* [Required work]: Your answer is to be the exact text of the lines from the one containing "A criadora de" through the final line of the entries, restated in full, with pictures omitted.

* [Extracted entries]:

◇ ◇ ◇ ◇ ◇

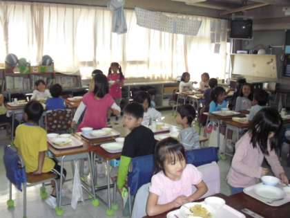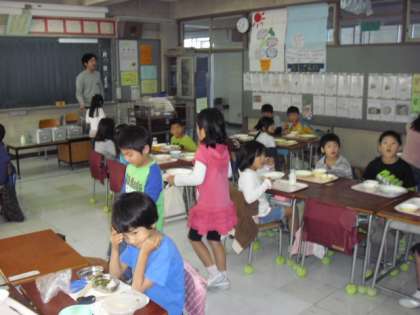 今日は、1年2組さんの様子を紹介します。まだ給食準備中のクラスもある中、早めの準備で、ゆっくり給食を食べられていました。野菜が嫌いな子も、ハムやチーズと一緒にがんばって野菜を食べていました。(10月29日)
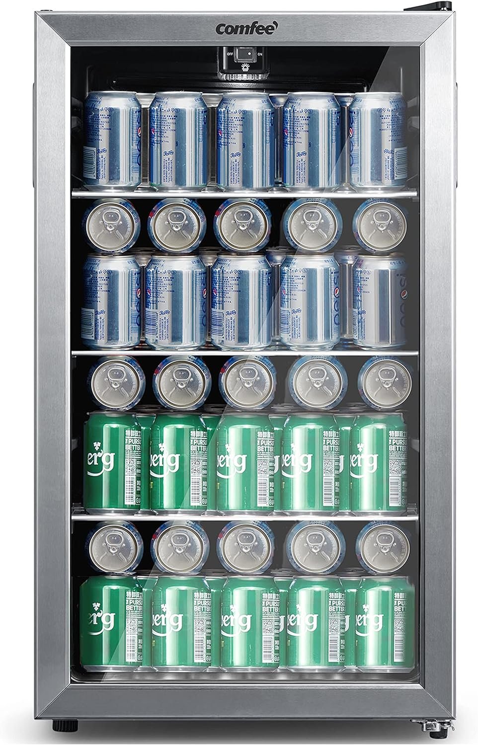 COMFEE’ CRV115TAST Cooler, 115 Cans Beverage Refrigerator, Adjustable Thermostat, Glass Door With Stainless Steel Frame, Reversible Hinge Door And Legs For Home, Apartment
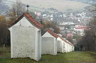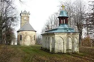 Jedenaście rokokowych stacji drogi krzyżowej, drewnianą kaplicę Podniesienia Krzyża Świętego oraz rokokowy Grób Pański polecił wybudować ksiądz Gottfried Liessner w 1759. Pierwotną drewnianą kaplicę zniszczył huragan w 1779, ale nie naruszył drewnianego, historycznego krzyża. W 1783 położono kamień węgielny pod obecną kaplicę szczytową. Ostatecznie wyświęcono ją w 1796 (wieżę dobudowano później, dzwony zamontowano w 1886).
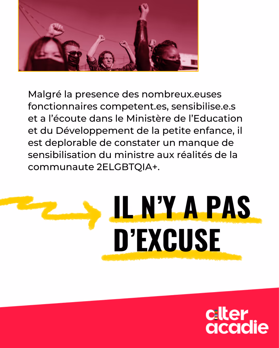 For some background context for anyone unfamiliar: Acadians are the French Canadian community that arrived as settlers on Canada’s east coast; were deported by the British government; and are a community with a complex but resilient story. Alter Acadie was founded to be the provincial voice for queer Acadians in New Brunswick, which, until the organization’s founding in 2023, did not previously have a body to represent them and advocate for their needs.
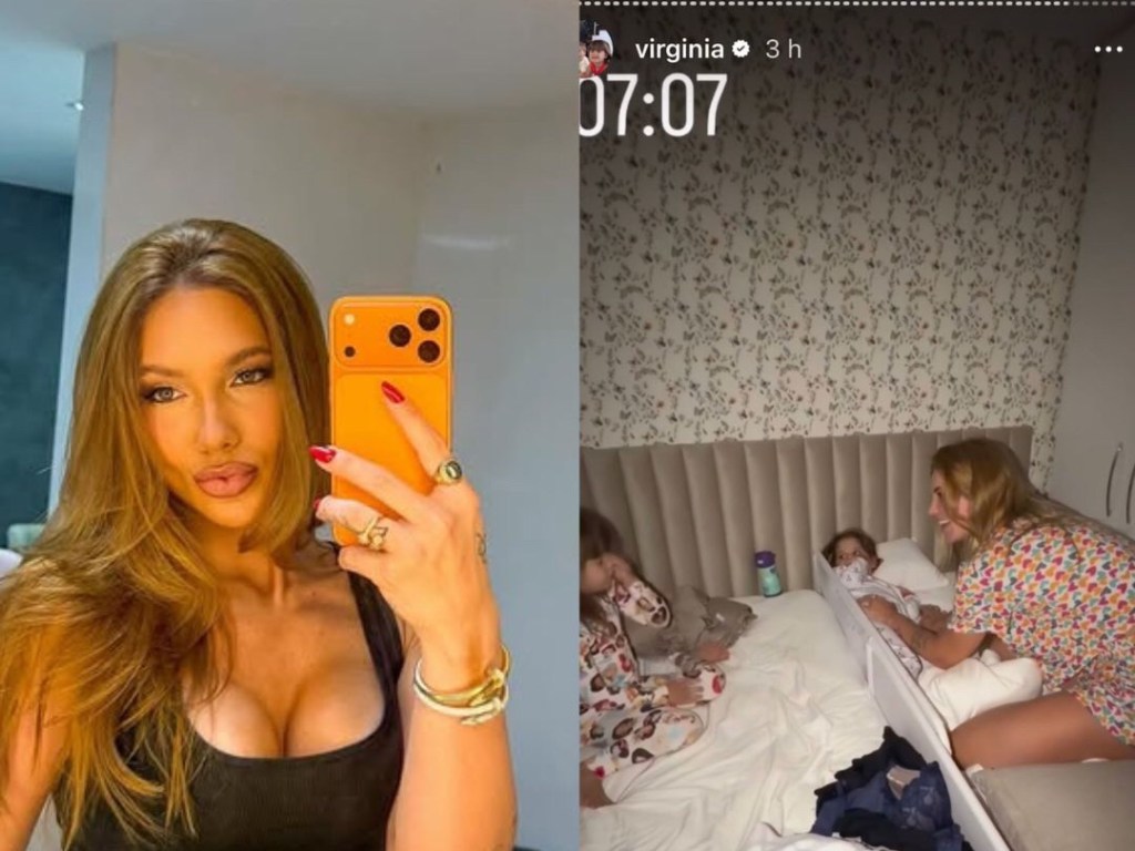 A criadora de conteúdo pegou a segunda filha no colo, deu um abraço e beijos. Ela escreveu na legenda: “Bom dia, hoje é dia dela. Mariazinha perdidinha de sono, ‘desmaiada de sono’”.
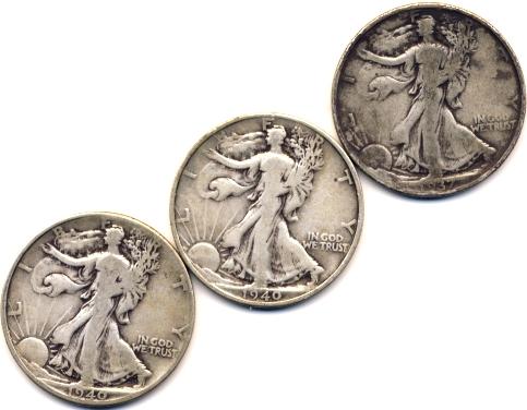3 US SILVER LIBERTY WALKERS-CIRC 1940, 1940, 1937
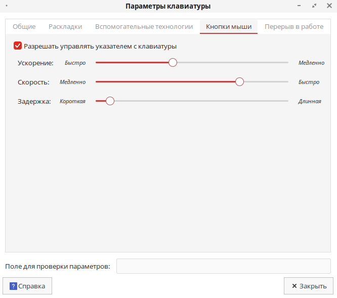 На вкладке «Кнопки мыши» задается разрешение на управление курсором мыши с клавиатуры.
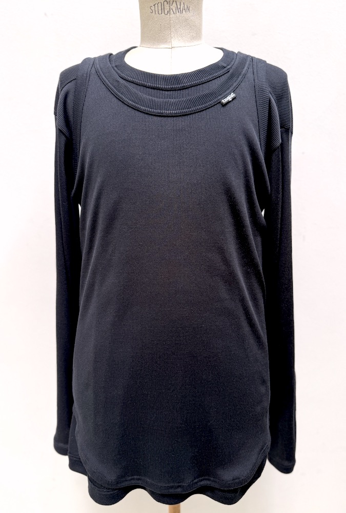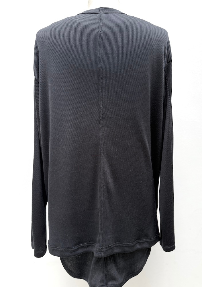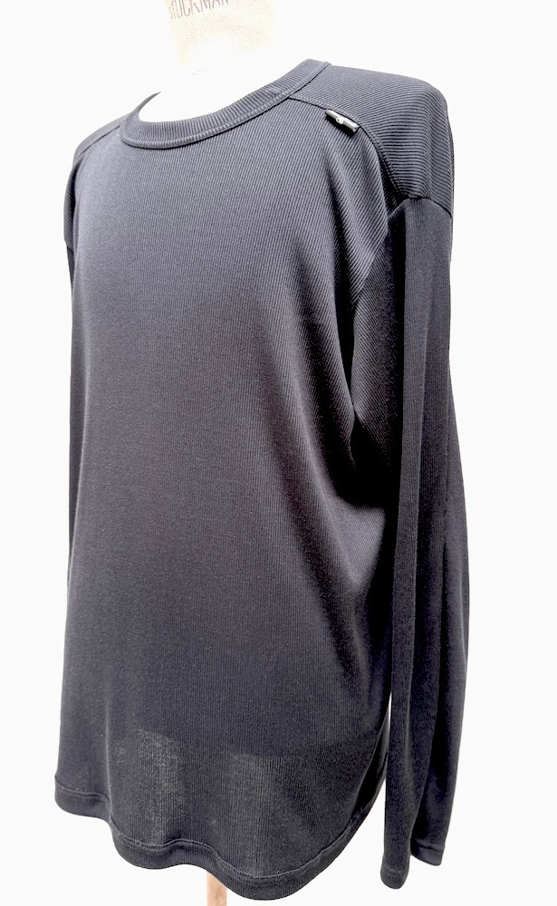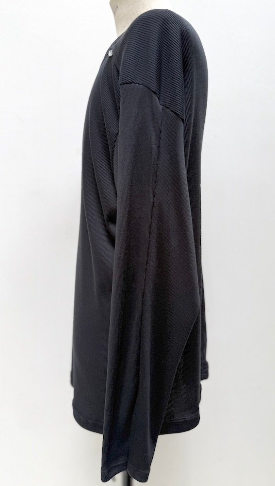【FranCisT_MOR.K.S. PLATING RIB PULL OVER】広めの身幅のゆとりで、ドレープバランスが秀逸。

◇ ◇ ◇ ◇ ◇

* [Completed task]:
 A criadora de conteúdo pegou a segunda filha no colo, deu um abraço e beijos. Ela escreveu na legenda: “Bom dia, hoje é dia dela. Mariazinha perdidinha de sono, ‘desmaiada de sono’”.
3 US SILVER LIBERTY WALKERS-CIRC 1940, 1940, 1937
 На вкладке «Кнопки мыши» задается разрешение на управление курсором мыши с клавиатуры.
【FranCisT_MOR.K.S. PLATING RIB PULL OVER】広めの身幅のゆとりで、ドレープバランスが秀逸。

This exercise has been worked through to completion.